鼬指尖顿了顿,余光精准捕捉到卡卡西默默将凉菜推到你手边的小动作,侧头恰好对上止水望过来的视线。二人无声对视一眼,眼底不约而同漾开了然又温柔的笑意,心底不约而同冒出同一个念头:姐姐和卡卡西前辈,实在般配。
坐在一旁的美琴大人将这一切尽收眼底,指尖抵着唇角轻轻轻笑,眉眼间满是柔软的欣慰。这些年她看着你孤身一人扛下暗部所有压力,独自消化委屈与伤痛,一直盼着能有个真心待你、事事惦记你的人。如今见卡卡西处处留心你的状况,牢牢记着你酒量差、处处细致关照,她由衷为你欢喜,心底悄悄放下了一桩心事。
一旁年纪尚小的佐助懵懂地扒着碗里的饭菜,看不出大人间暗藏的情愫,只是歪着脑袋来回打量你和卡卡西,圆溜溜的眼睛满是困惑,只隐约觉得,卡卡西哥哥看向时姐姐的眼神,和看别人的时候完全不一样,两人站在一起,氛围格外温柔。
你一心同富岳交谈,时不时举杯浅酌,丝毫没察觉一桌人暗藏的打趣与温柔祝福,唯有卡卡西安静陪在身侧,时刻留意着你酒杯里的酒量,默默守在一旁。
席间气氛愈发温热松弛,今日大获全胜的喜悦萦绕在每个人心头。长久以来,宇智波一族始终深陷被动隐忍的困境,常年被高层猜忌、被团藏暗中打压掣肘,行事步步谨慎、处处收敛锋芒,积压了数不尽的委屈与压抑。而今日的高层会议,一举击碎了长久以来的桎梏,狠狠挫败了团藏的阴私算计,斩断他的左膀右臂,还为暗部新生代忍者扫清了不公的打压与磋磨,这份酣畅淋漓,是多年来从未有过的痛快。
心绪翻涌间,我与富岳大人皆是心境舒展,连日紧绷的神经彻底卸下重担,不知不觉便多饮了好几杯清酒。清甜的酒液入喉,暖意顺着四肢百骸蔓延开来,淡淡的醉意缓缓攀上眉眼,褪去了我平日在朝堂、在暗部杀伐果断的冷冽锋芒,也褪去了富岳大人身为一族族长的沉稳肃穆。

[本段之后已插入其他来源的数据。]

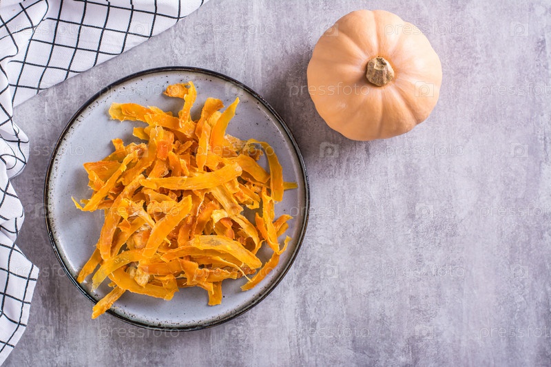 Аппетитные вегетарианские десертные тыквенные чипсы на тарелке на столе сверху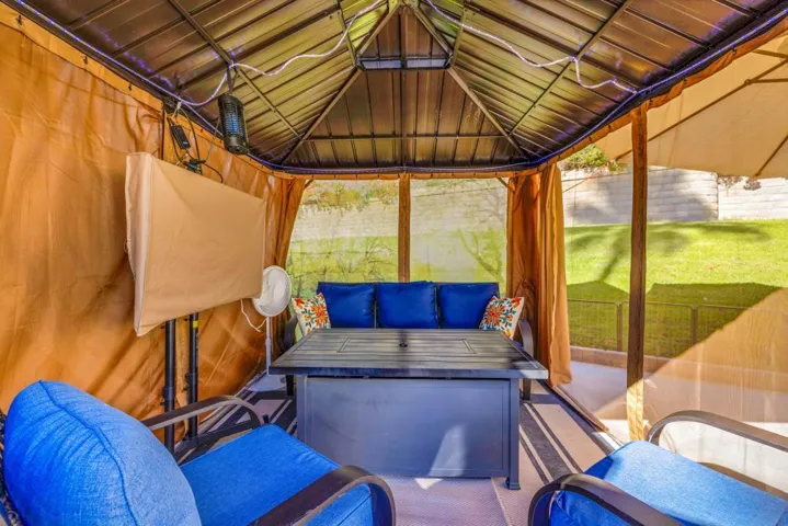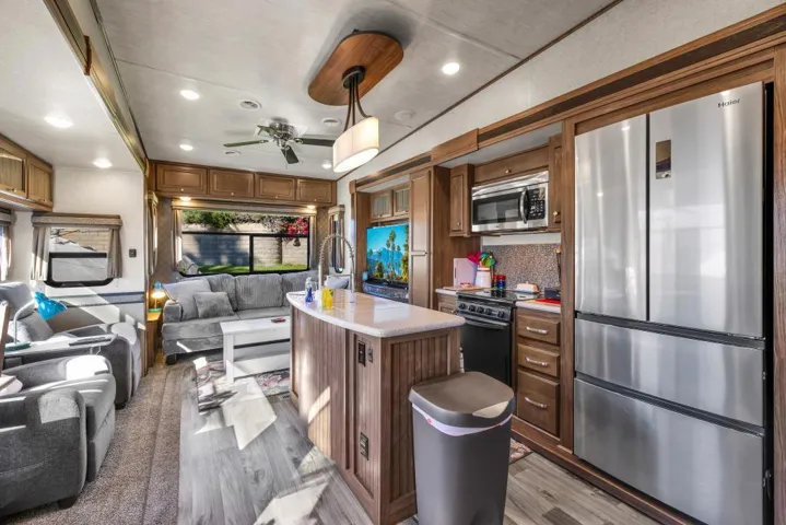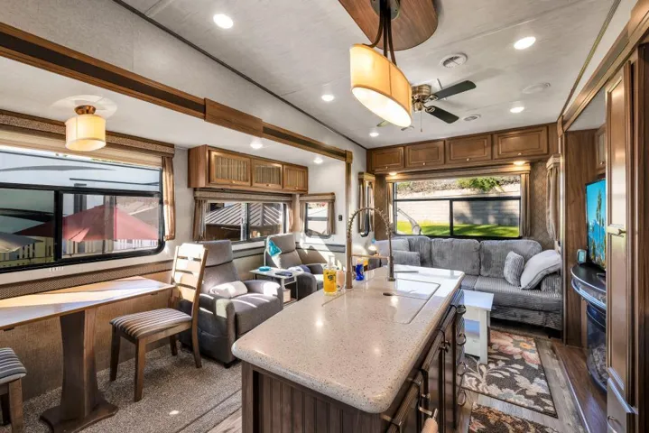Here’s an appealing opportunity. This super nice package includes a 2017 Heartland Elkridge bunkhouse, an exceptionally versatile unit perfectly configured to function either as comfortable guest accommodations or as a dedicated, private office space, offering considerable flexibility to suit various needs.The accompanying lot has been meticulously enhanced, featuring the installation of premium artificial turf for year-round aesthetic appeal and minimal maintenance. Additionally, a new gazebo has been incorporated, establishing a charming focal point within the outdoor area. These thoughtful upgrades collectively create an exceptionally inviting and highly functional exterior environment, ideal for both personal enjoyment and entertaining.Adding to the property’s allure is the generously sized greenbelt situated immediately behind the lot. This natural expanse not only provides a picturesque and serene backdrop but also offers an enhanced sense of privacy and openness. This combination of an upgraded outdoor living space and direct access to a natural greenbelt makes this location particularly well-suited and accommodating for pet owners.

微醺之下,我眉眼染上慵懒的笑意,语速轻快,毫无平日的拘谨,兴致勃勃地和富岳大人聊起今日议事厅上的一幕幕。我细细描摹着团藏被当众举证、被全员声讨时的模样,说起他苦心算计却全盘落空、想反手构陷却自取其辱,最后只能硬生生咽下所有怒火、眼睁睁看着心腹被处置的憋屈狼狈。

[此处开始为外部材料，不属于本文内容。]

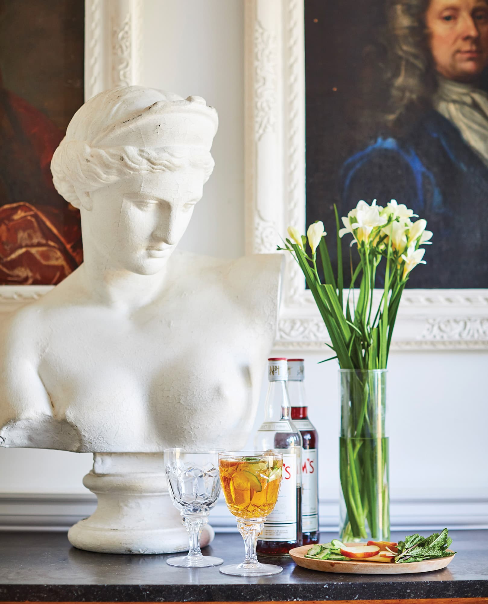 “My entertaining style changes by season. Here I would probably be putting dark greens on the table or something, but the backbone to how I entertain remains the same. I always want a pretty table. I always love fresh flowers. I always have to use old jam jars. I don’t want it to look pretentious. I want it to be easy, but I want it to be pretty. I want someone to come away from a meal and just think, ‘That was so lovely.’ The principles remain the same. Invite interesting people. Seat people carefully. Make sure the lighting is bloody flattering, especially now. I’m 53, I’ve got to think about the lighting all the time.”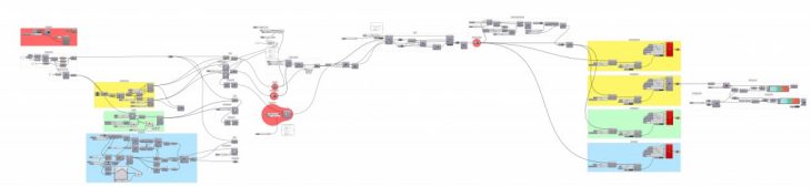 After inputting the amount, area and configuration of needed spaces into the script, the system designs amorphous shapes of needed density, thickness and transparency. Moreover, at night the installation can be lit in different colours, attracting peoples’ attention to the interior of the pavilion.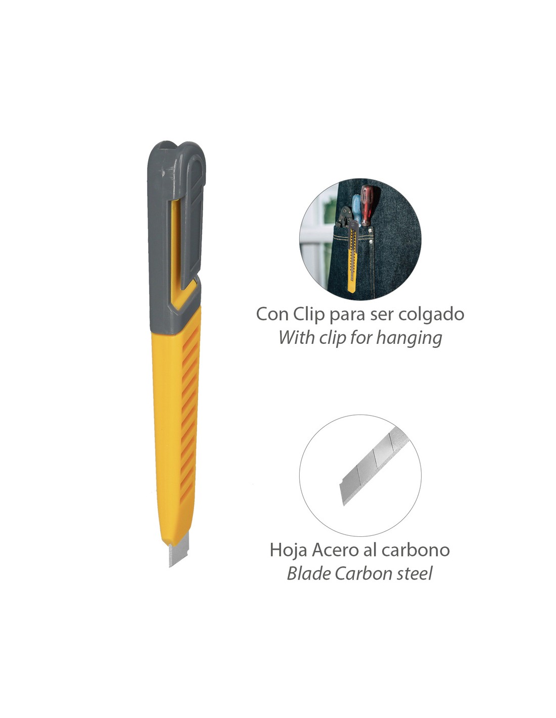 - Con clip de sujeción, puede llevar el cutter tanto por dentro del bolsillo como por fuera.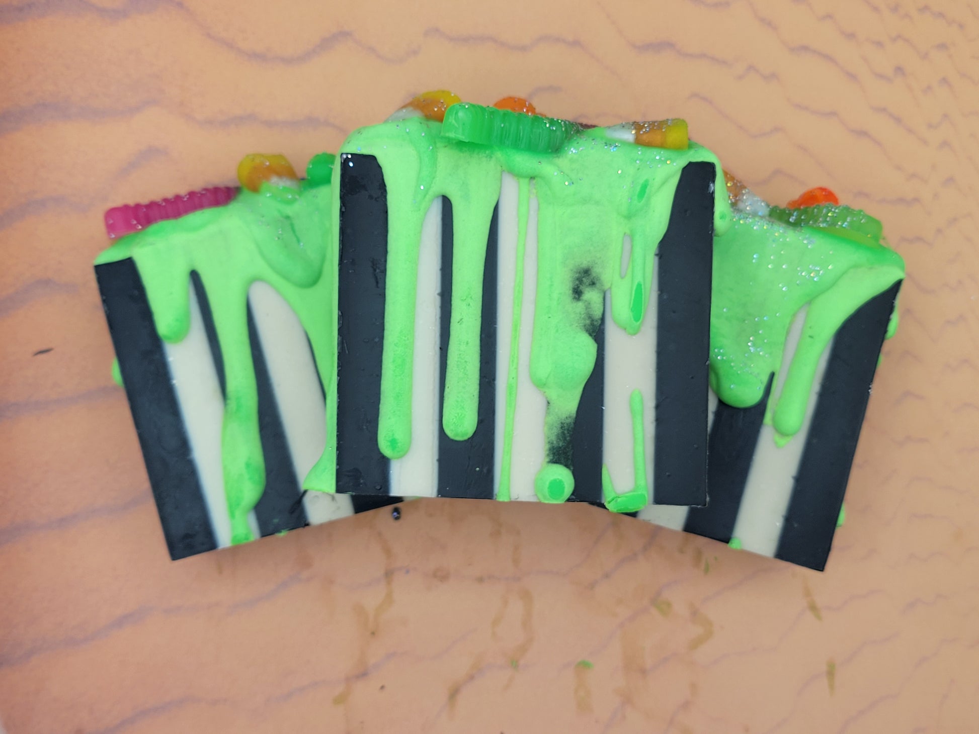 Olive Oil, Coconut Oil, Water, Sodium Hydroxide, Castor Oil, Synthetic Fragrance Oil, Cosmetic Grade Mica, Salt, Black Oxide, Glycerin Melt and Pour, BioGlitter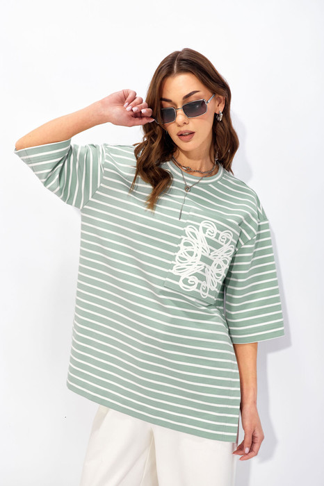 Джемпер прямого  свободного силуэта со спущенной линией плеч  из хлопкового трикотажного полотна в полоску. Вырез горловины округлый с притачной бейкой. По бокам высокие разрезы до талии. На кармане фактурная  дизайнерская печать.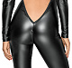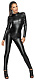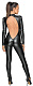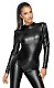 Высокоэластичный комбинезон с длинными рукавами, облегающий покрой, в сексуальном wet-look. Элегантный воротник-стойка застегивается на пуговицы на шее. Застежка-молния в промежности.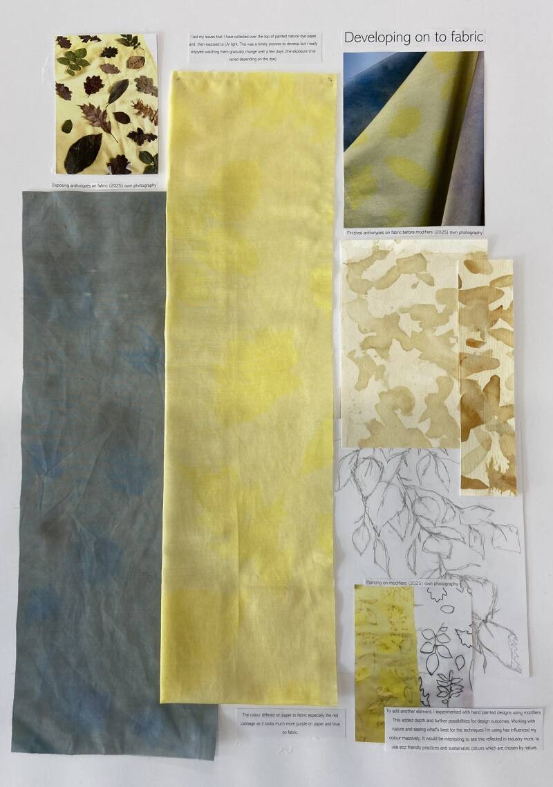 However I am aware of the unpredictability and colour fast issues to natural dyes, so in this project I decided to use this as a positive and create patterns by fading of colour to create patter. This led me to the anthotype technique (similar to cyanotypes but using natural colouring). I started with several experiments to see how I could combine this with my food waste dyes.

富岳大人听得开怀大笑,眼底满是释然与欣慰,频频颔首附和。父女般松弛又亲昵的闲谈,轻松又温暖,没有朝堂的权谋博弈,没有族群的负重压力,只剩卸下铠甲后的肆意欢喜。我们你一言我一语,细数着今日的胜算与转机,感慨着多年隐忍终得一朝舒展,言语间尽是拨开云雾的畅快。
周遭众人静静听着,脸上皆挂着发自内心的温柔笑意,满心皆是由衷的欣慰。
止水眉眼温润,看着卸下所有疲惫、开怀欢笑的我,眼底满是宠溺与安心。他亲眼看着我数年如一日,孤身周旋于木叶高层的黑暗权谋之中,为族群奔走、为族人撑腰、默默扛下所有风雨,如今终于能堂堂正正击溃压迫,让宇智波扬眉吐气,心底百感交集。

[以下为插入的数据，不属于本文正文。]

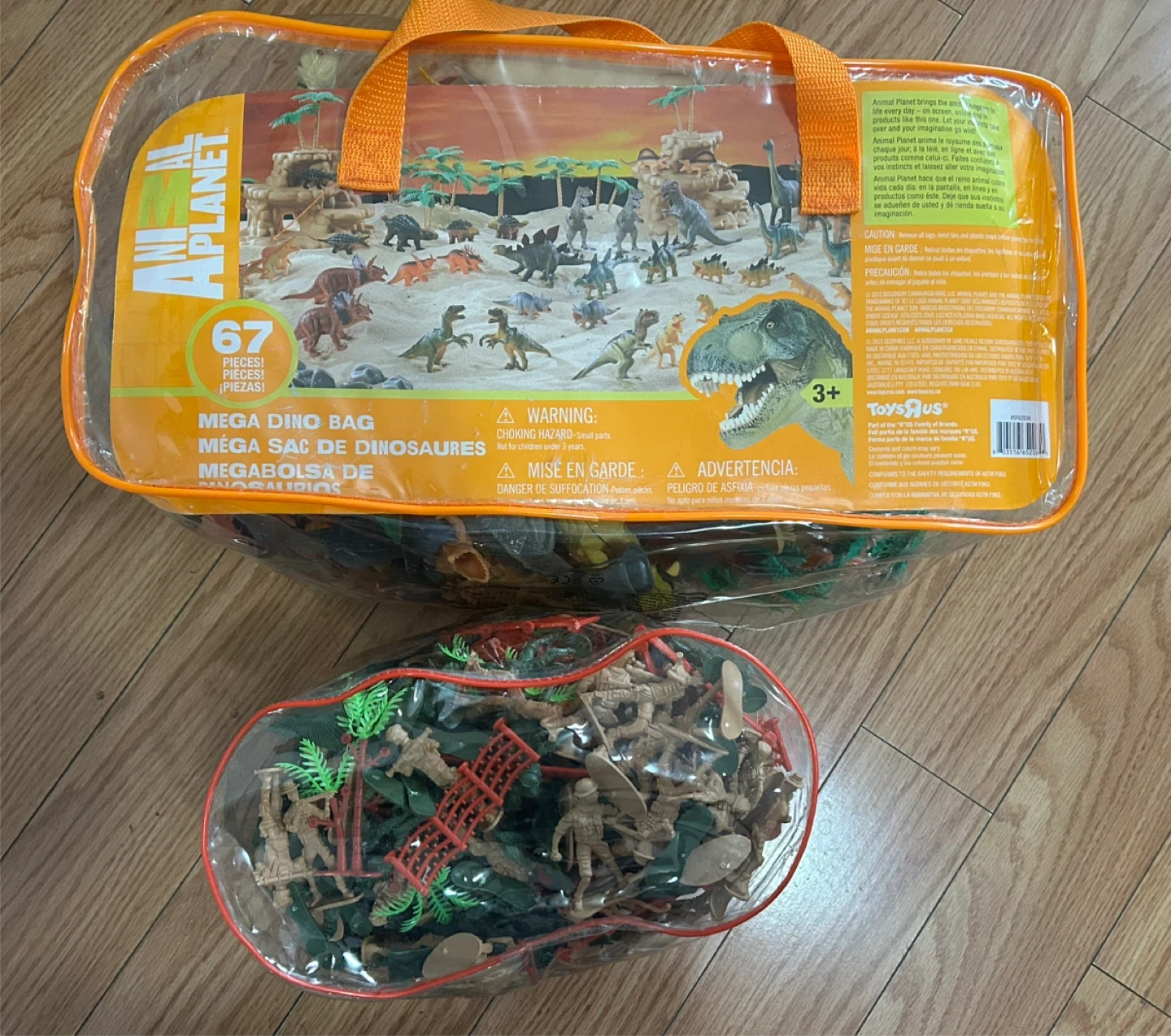 This toy set includes the Animal Planet Mega Dino Bag with 67 pieces of dinosaurs and accessories. Also included is a separate bag filled with plastic soldiers and foliage. It's suitable for ages 3 and up. Hours of imaginative play await!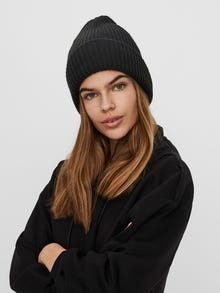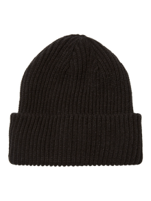 - Knitted beanie. - Turn-up brim. Knitted beanie with turn-up brim. The beanie is made from a soft and stretchy material. Style it with a puffer jacket and chunky boots.

鼬安静端坐一旁,清冷的眉眼柔和下来,嘴角噙着浅浅笑意。年少的他早已看透木叶高层的暗流汹涌,深知一族常年隐忍的无奈,今日这场胜利,不仅洗刷了诸多不公,也彻底打破了团藏刻意笼罩在宇智波身上的阴霾桎梏。
美琴大人眉眼温柔,笑意融融,看着眼前温馨和睦的一幕,心底满是踏实。多年来族人谨小慎微、步步维艰,终日活在猜忌与打压之下,今日终于能挺直腰杆,扬眉吐气,这份安稳与荣光,来之不易。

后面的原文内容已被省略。